Communications Minister Mitch Fifield defends embattled NBN as customer complaints spike


The National Broadband Network (NBN) has passed the important halfway mark to completion, as the minister in charge of the project defends its capacity to deliver high-speed internet.

Communications Minister Mitch Fifield said the Turnbull government was taking a “technology agnostic approach” to the rollout of the NBN when questioned over the project’s effectiveness and speed.

“We have taken an approach that will see the NBN rolled out much faster and at significantly less cost,” Mr Fifield told reporters in Sydney today.

The NBN project began under the Rudd Labor government in 2007, and aimed to reach 98 percent of Australian premises by June 2021.

A decade later, the Liberal government is celebrating the halfway point of the project, with the network now available to more than 5.7 million homes and businesses.

But reports of dropouts, long connection times and complaints about speed have dogged the project and its rollout.

Choice research revealed 60 percent of people connected to the NBN have experienced problems.

Professor Mark Gregory from RMIT University told 9NEWS troubles with the project are due to combining new and old technology.

“The problem for Australia is while we’re rolling out copper based technologies, the rest of the world is moving with fibre based access networks,” Professor Gregory said.

“Australia is going to be left with a lemon.”

NBN Chief Engineering Officer Peter Ryan acknowledged the network had experienced “problems from time to time”.

“This is a very large complex program that we’re rolling out here and we will have problems from time to time – we seek everyone’s patience as we do that,” he said.

The Coalition government promised to get the job done cheaper and faster by stripping back Labor’s project to a new version, in which the NBN is delivered to suburban nodes which serve multiple properties instead of running directly to individual premises.

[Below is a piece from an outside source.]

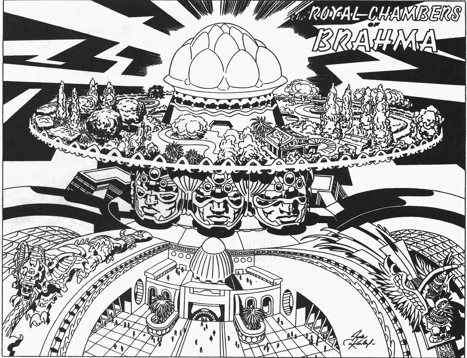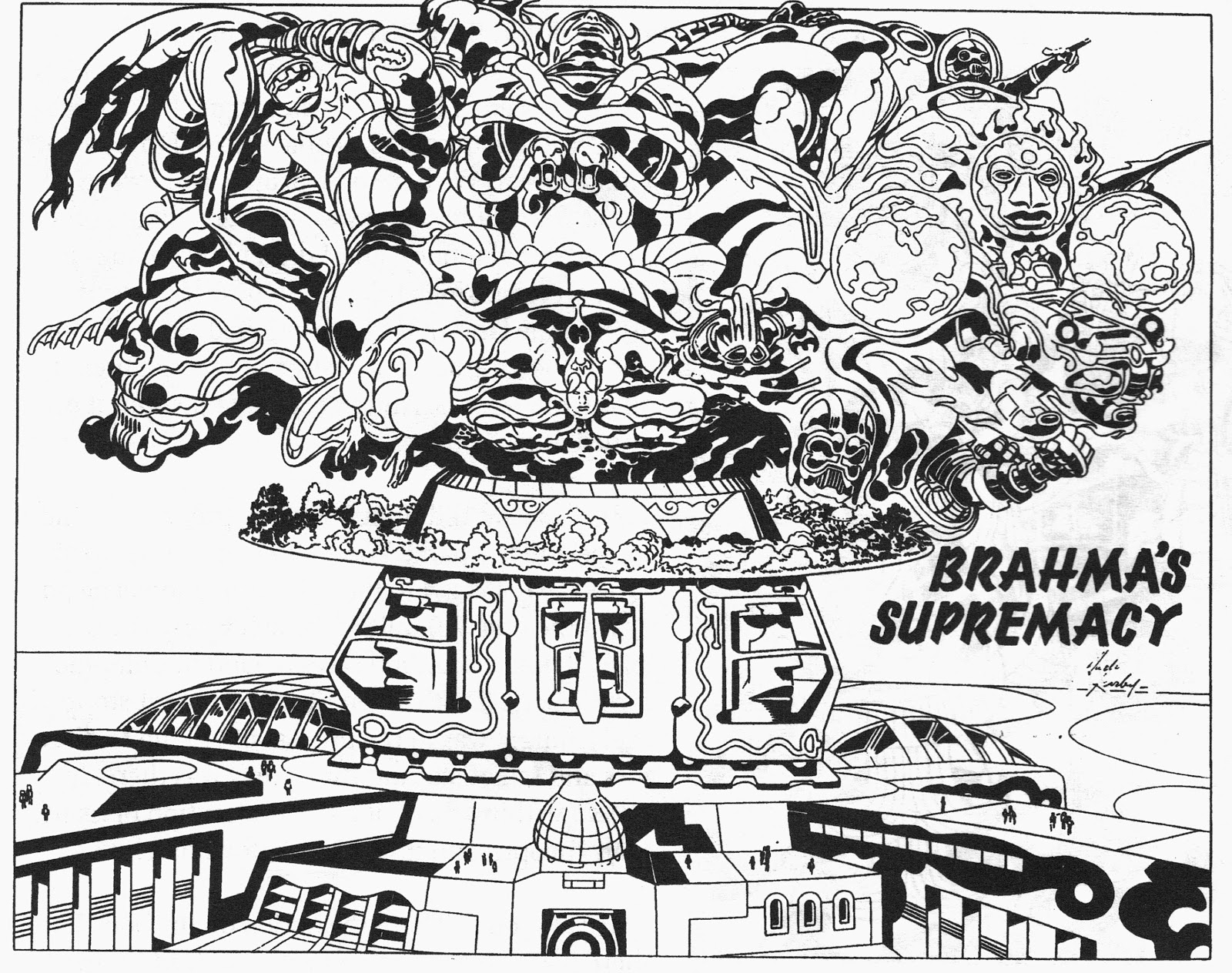 All they needed now was a film — and Chambers had the perfect script. Months before, he had received a call from a would-be producer named Barry Geller. Geller had purchased the rights to Roger Zelazny’s science fiction novel, Lord of Light, written his own treatment, raised a few million dollars in starting capital from wealthy investors, and hired Jack Kirby, the famous comic book artist who co-created X-Men, to do concept drawings. Along the way, Geller imagined a Colorado theme park based on Kirby’s set designs that would be called Science Fiction Land; it would include a 300-foot-tall Ferris wheel, voice-operated mag-lev cars, a “planetary control room” staffed by robots, and a heated dome almost twice as tall as the Empire State Building. Geller had announced his grand plan in November at a press conference attended by Jack Kirby, former football star and prospective cast member Rosey Grier, and several people dressed like visitors from the future. Shortly thereafter, Geller’s second-in-command was arrested for embezzling production funds, and the Lord of Light film project evaporated.

Mr Fifield said the original fibre-to-the-premises plan would have cost the government an extra $30 billion.

“Unlike our predecessors, we’re not taking a theological approach to the NBN, we’re taking a technology agnostic approach and giving NBN the freedom that it needs to deliver the best possible network,” he said.

“This is a major project, there will obviously be a percentage of experiences in the rollout which aren’t perfect but NBN is working day by day to improve that experience.”